Letter: Don’t waste taxpayers’ money on barn

As expected there are mixed reviews on how Avon should proceed in terms of its involvement and funding for the effort to save the Hanhnewald barn. This is an emotionally-charged issue and the “save the barn” advocates are using the deadline of June 1 to put pressure on the Council to fund the effort. We maintain that this should primarily be a philanthropic endeavor, not a burden on Avon taxpayers.  We base our concerns on the following:

  • $5-10 million of taxpayer dollars can be better spent on other prioritized projects such as affordable housing initiatives, wildfire mitigation, water rights protection, recycling efforts, improvements to the existing recreation center, etc.
  • There is no need for an additional community center. We already have community centers in the form of the recreation center, the Town Hall meeting area, the park, schools etc. Let’s maintain and use what we have. If the council differs from this perspective, significant justification will be needed.
  • The town has not demonstrated it can successfully manage a project of this magnitude without significant cost overruns.
  • The town should not divert its resources: time, money, staff, or town council energy to manage this project. 
  • While some believe that the save the barn initiative has merit, we don’t believe the town should be the primary funding source for this type of project. If the project proceeds, the effort should be privately funded. Additional financial assistance might be available through state or federal grant funds for historic preservation efforts. Funding efforts should be spearheaded by the “save the barn” advocates.

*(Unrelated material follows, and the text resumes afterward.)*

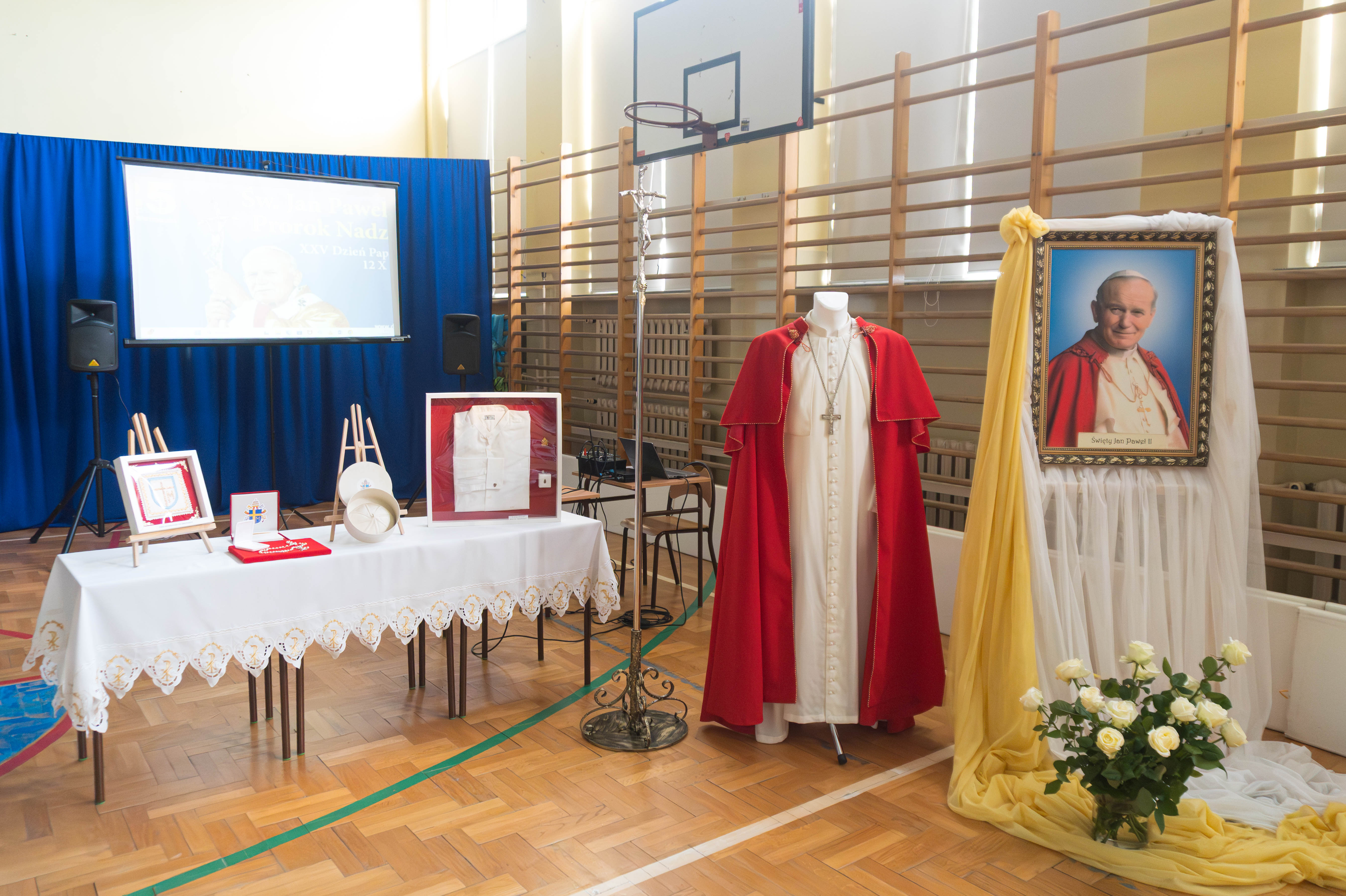 30 października w naszej szkole obchodziliśmy Dzień Papieski, poświęcony pamięci i nauczaniu świętego Jana Pawła II. Z tej okazji odbyła się uroczysta akademia, przygotowana przez uczniów i nauczycieli, podczas której wspominaliśmy życie oraz przesłanie Papieża Polaka – człowieka dialogu, pokoju i miłości bliźniego. Tego dnia mieliśmy również wyjątkową możliwość zobaczenia z bliska relikwii należących do św. Jana Pawła II. Wśród eksponatów znalazły się m.in.: - piuska papieska, - sutanna i koszula używane przez Ojca Świętego, - różaniec, na którym się modlił, - chusteczka oraz pałka przez niego używane, - pastorał – symbol jego pasterskiej posługi.

 So, how should the town proceed?

We believe the council should decouple the community center idea, which has significant cost implications from the “save the barn” initiative.

The town has already spent $120,000 with an architectural firm to understand the feasibility of moving and repurposing the barn with conceptual ideas for interior design. Given the fact that many taxpayers are not in favor of spending any tax dollars for this effort, we recommend the town move forward with the least expensive option to save the barn. Simply dismantle the structure and store the wood for 2-3 years for future historic reconstruction, salvage or reuse. 

During this time the “save the barn” stakeholders and historic preservation advocates can source funding and find the expertise and team members needed to execute the rebuilding and repurposing of the barn. The town council could, to show good faith, split the cost to disassemble the barn among three parties; the Eagle River Water and Sanitation District, the historic preservation fundraising group and the town of Avon.  

The total cost for dismantling should not exceed $100K and the council should not commit more than $50K to this effort.

Place the onus on the stakeholders, the historic preservation committee and the “save the barn” advocates to source the funding and execute the plan with minimal involvement from the town council and no additional commitment from taxpayer money.